Stacey: One of the best things about open adoption for our family is how our circle has grown beyond our children. We get to know and have a relationship with their birth moms, grandparents, aunts, and uncles. There are more people to love our kids. We love their birth moms not out of obligation, but for who they are as individuals. One of the challenging things about openness is that you have a front row seat to the bittersweet of adoption. We are profoundly aware that as we gained a son, his birth mom experienced deep loss. It is a strange place to be—a sincere gratefulness and love as a parent, and also caring so much for his first mom that I wish she never had to experience this kind of pain to begin with.

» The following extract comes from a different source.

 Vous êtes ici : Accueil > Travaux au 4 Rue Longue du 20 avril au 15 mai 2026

Jaye: The best is that I get to see him grow up and be a part of his life, and that I have this whole other family to share life with! The most challenging is the loss. I haven’t had any sense of regret, but I still have pain. Making an adoption plan for my son was the hardest thing I’ve ever done, but has also been the most beautiful. It’s a weird balance sometimes, because I’m happy how everything turned out but I still have brokenness because of it.
What advice do you have for anyone fearful of openness?

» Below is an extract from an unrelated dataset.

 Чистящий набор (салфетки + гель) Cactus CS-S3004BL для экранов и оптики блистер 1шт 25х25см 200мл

Stacey: Prospective adoptive parents need to do the heavy lifting of discerning why openness scares them. Is it jealousy? False stereotypes? Not wanting to “share?” Barring a true issue of trauma or safety, research tells us that some degree of openness is best for the adoptee. At its core, adoption is about “sharing.” Our kids come from a family of origin and that cannot be erased or ignored.

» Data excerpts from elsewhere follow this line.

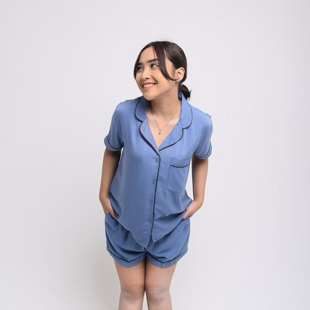 Lumina Piyama One Set Baju Celana Pendek Rayon Varian Warna Setelan Wanita Baju Tidur rayon twil
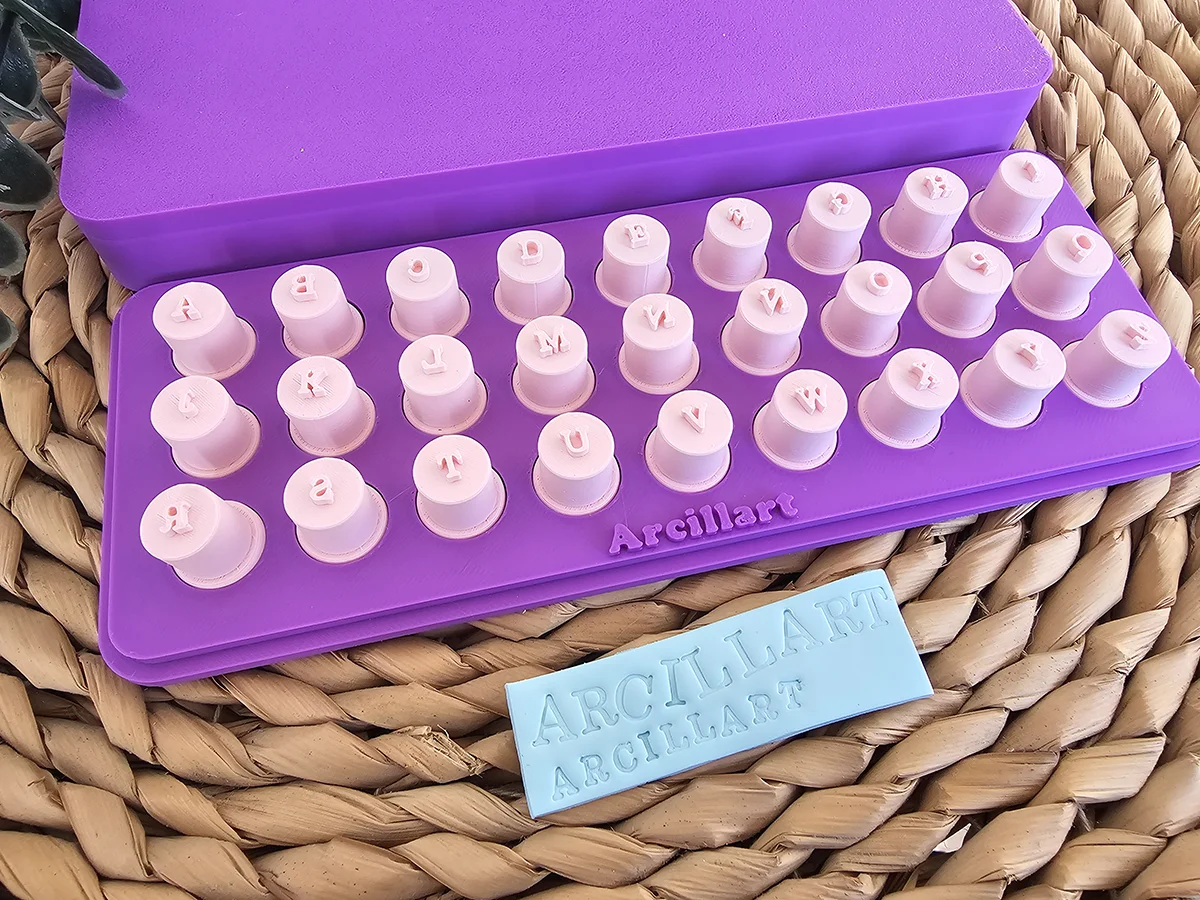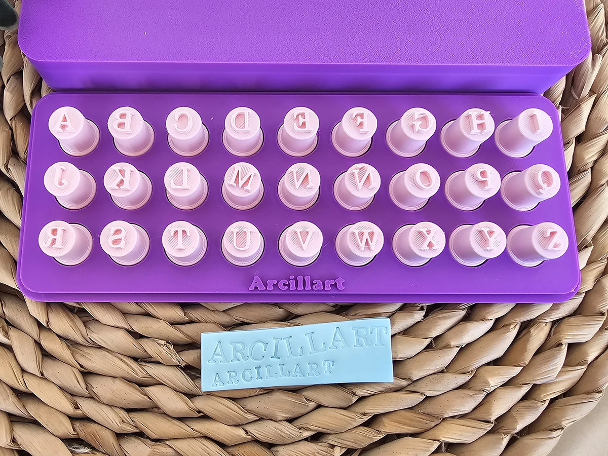 Juego de sellos de abecedario en mayúsculas disponible en dos medidas: 4,55 mm y 7 mm. Cada sello tiene forma redonda para facilitar su manejo y cuenta con la altura ideal para evitar dejar marcas de los dedos en la arcilla. Incluye una caja organizadora donde cada sello tiene su propio espacio, manteniéndolos ordenados y listos para su uso en tus proyectos creativos.
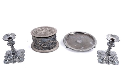 Lot 435 - A pair of 19th Century silver plated dwarf candlesticks; and other silver plated wares
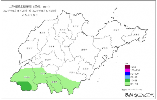 预计16号,鲁南有阵雨或雷阵雨,雨量以小到中雨为主。
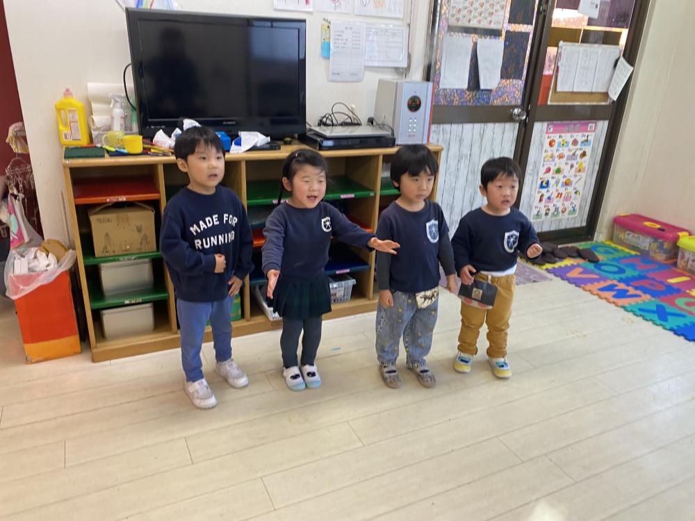 歌の練習では、手話が始まりました。あやこ先生の真似をしながらできるところは一生懸命頑張っているAppleちゃんでした。
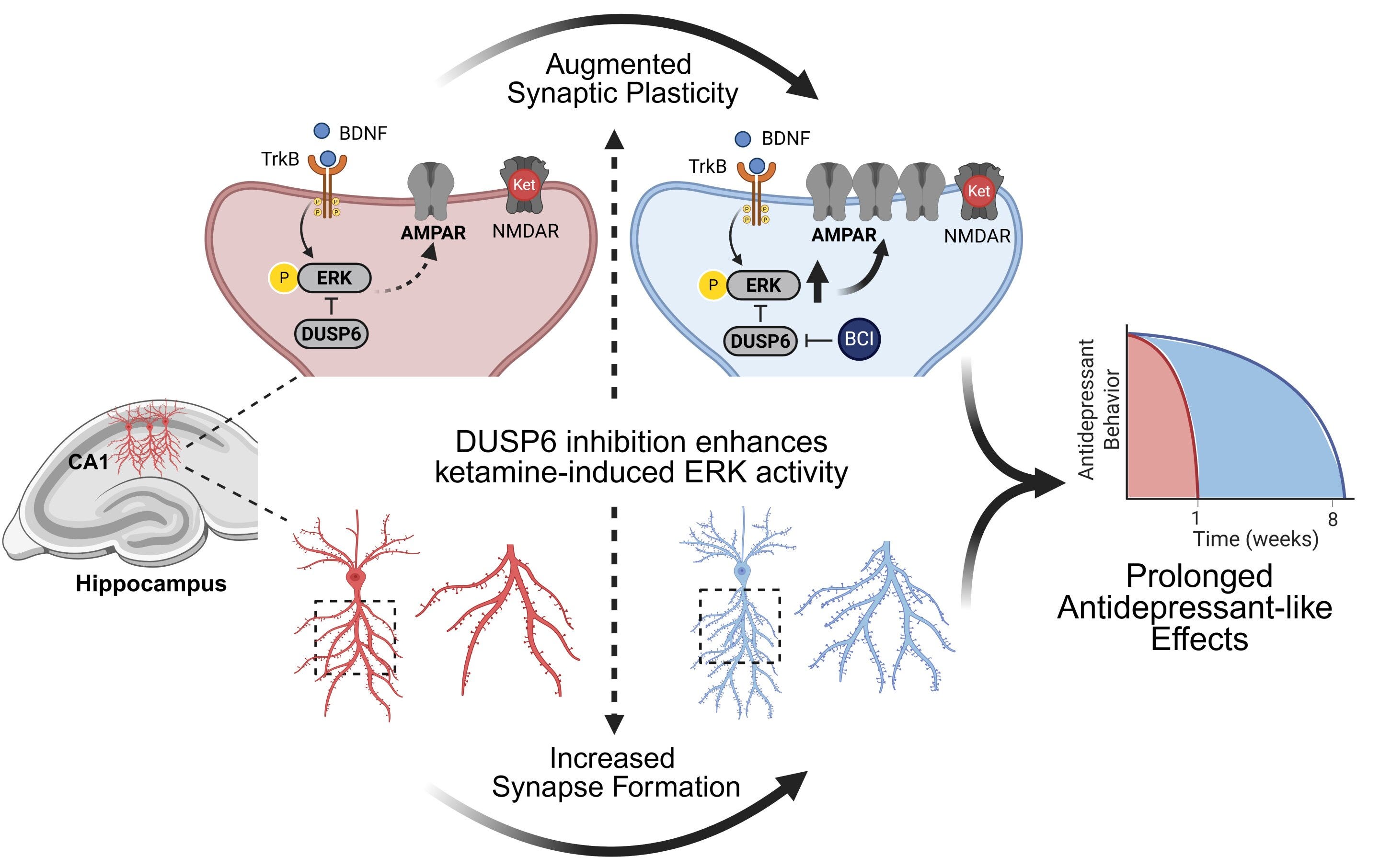 DUSP6 inhibitor (BCI) to increase sustained ERK activity increases Ketamine’s antidepressant effects from 1 weeks to 8 weeks and neuroplasticity
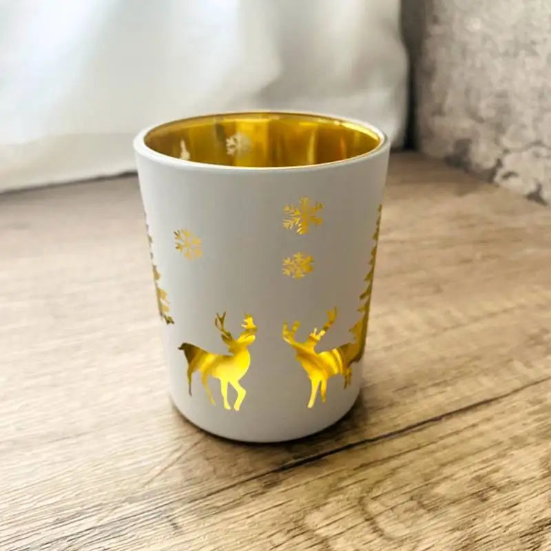 Each glass cup features a gold interior that enhances the glow of a tealight, creating a soft, festive light ideal for winter evenings, Christmas decorating and cozy Nordic-inspired spaces.

Jaye: Like any new relationship, there is an adjustment period and everyone has to learn their new roles. Communication is key and knowing what to expect helped me. Stacey was good at sharing their willingness to spend time with me while still giving me room to process and grieve. I think the best way to look at adoption relationships is like family, because that’s what it is.
How has open adoption been a good thing for you? How do you think it will affect your child(ren)?
Stacey: I have joked before about how lucky I am to have someone (besides their dad) who is just as crazy about my kids as I am! Whenever they meet a milestone or do something special, one of the first things I want to do is share that with their birth moms. I hope both our children grow up feeling confident in their story and whole—knowing that they do not have to choose between their biological family and their adoptive family. We’re all on the same team, and we’re all in it for the same reason—which is for them. As our daughter has gotten older (she has a different birth mom who we are also close to), I am glad I can answer her questions and facilitate a relationship with her birth family. When she tells me, “I want to talk to [my birth mom],” I can say, “Great! Me too! Let’s call her.”
Jaye: I cannot imagine not having an open adoption now that I’ve experienced it. When I was pregnant I wasn’t sure how much I wanted to see my son. I was afraid seeing him would make it more difficult, but I’ve now realized it makes it easier. I can’t get enough of him! Stacey has helped my transition and experience immensely, simply by being open with me and available. Stacey and her family have treated me like any other family member, which has been really good for me. Fear of abandonment or loss of a relationship with my son has never been an issue, which is extremely important in an open adoption relationship.
Jaye, is there anything you want people to understand about women who have placed their baby for adoption?
Jaye: I’ve been lucky to have a ton of support regarding my decision to place my son for adoption. I’m thankful I haven’t had many people question my decision or intention. I think the most beneficial thing for birth moms is for people to understand their decision was out of love, and that birth moms will never “get over” it. Placing a child for adoption is a life-long journey, and although so much good comes out of it, there will always be loss too.